[Recorded information — start]

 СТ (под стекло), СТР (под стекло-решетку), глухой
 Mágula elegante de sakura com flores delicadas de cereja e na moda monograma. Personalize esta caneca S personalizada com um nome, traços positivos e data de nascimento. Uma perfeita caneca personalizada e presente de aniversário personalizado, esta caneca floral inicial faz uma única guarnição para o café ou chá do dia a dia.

[Recorded information — finish]
[Recorded information — start]

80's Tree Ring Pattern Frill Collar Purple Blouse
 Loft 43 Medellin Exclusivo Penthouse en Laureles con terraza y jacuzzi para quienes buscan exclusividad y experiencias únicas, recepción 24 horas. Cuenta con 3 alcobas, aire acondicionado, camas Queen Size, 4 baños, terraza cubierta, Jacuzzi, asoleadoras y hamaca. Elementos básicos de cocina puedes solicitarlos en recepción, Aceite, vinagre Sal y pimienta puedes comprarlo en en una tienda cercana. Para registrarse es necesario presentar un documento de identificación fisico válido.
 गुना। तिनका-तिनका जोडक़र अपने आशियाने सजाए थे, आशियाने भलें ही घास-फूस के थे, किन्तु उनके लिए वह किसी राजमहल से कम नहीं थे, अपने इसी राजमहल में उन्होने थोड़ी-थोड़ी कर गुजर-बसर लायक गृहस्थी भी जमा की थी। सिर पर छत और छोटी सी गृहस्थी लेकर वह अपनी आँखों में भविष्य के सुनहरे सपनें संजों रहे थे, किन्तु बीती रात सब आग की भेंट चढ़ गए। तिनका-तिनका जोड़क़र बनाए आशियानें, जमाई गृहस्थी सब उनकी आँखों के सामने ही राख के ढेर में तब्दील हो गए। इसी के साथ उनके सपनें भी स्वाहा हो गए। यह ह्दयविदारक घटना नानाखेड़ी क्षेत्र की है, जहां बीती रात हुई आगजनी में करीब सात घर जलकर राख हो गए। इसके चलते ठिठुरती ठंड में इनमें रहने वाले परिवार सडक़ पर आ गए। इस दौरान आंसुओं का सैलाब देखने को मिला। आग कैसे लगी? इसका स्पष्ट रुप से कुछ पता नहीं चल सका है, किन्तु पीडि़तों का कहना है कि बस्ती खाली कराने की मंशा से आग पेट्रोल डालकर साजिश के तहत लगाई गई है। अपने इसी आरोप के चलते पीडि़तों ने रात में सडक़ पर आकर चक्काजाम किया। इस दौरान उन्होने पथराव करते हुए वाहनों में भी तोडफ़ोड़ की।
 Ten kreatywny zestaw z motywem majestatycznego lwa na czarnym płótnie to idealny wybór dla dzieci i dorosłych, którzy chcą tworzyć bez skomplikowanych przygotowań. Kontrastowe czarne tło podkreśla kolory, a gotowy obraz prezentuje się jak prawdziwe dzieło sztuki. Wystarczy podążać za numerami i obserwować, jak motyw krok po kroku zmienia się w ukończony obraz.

[Recorded information — finish]

* _What to do_: Copy out, from the listing above, every line that contains the word "para".

* _Solution for this task_:
 Mágula elegante de sakura com flores delicadas de cereja e na moda monograma. Personalize esta caneca S personalizada com um nome, traços positivos e data de nascimento. Uma perfeita caneca personalizada e presente de aniversário personalizado, esta caneca floral inicial faz uma única guarnição para o café ou chá do dia a dia.
 Loft 43 Medellin Exclusivo Penthouse en Laureles con terraza y jacuzzi para quienes buscan exclusividad y experiencias únicas, recepción 24 horas. Cuenta con 3 alcobas, aire acondicionado, camas Queen Size, 4 baños, terraza cubierta, Jacuzzi, asoleadoras y hamaca. Elementos básicos de cocina puedes solicitarlos en recepción, Aceite, vinagre Sal y pimienta puedes comprarlo en en una tienda cercana. Para registrarse es necesario presentar un documento de identificación fisico válido.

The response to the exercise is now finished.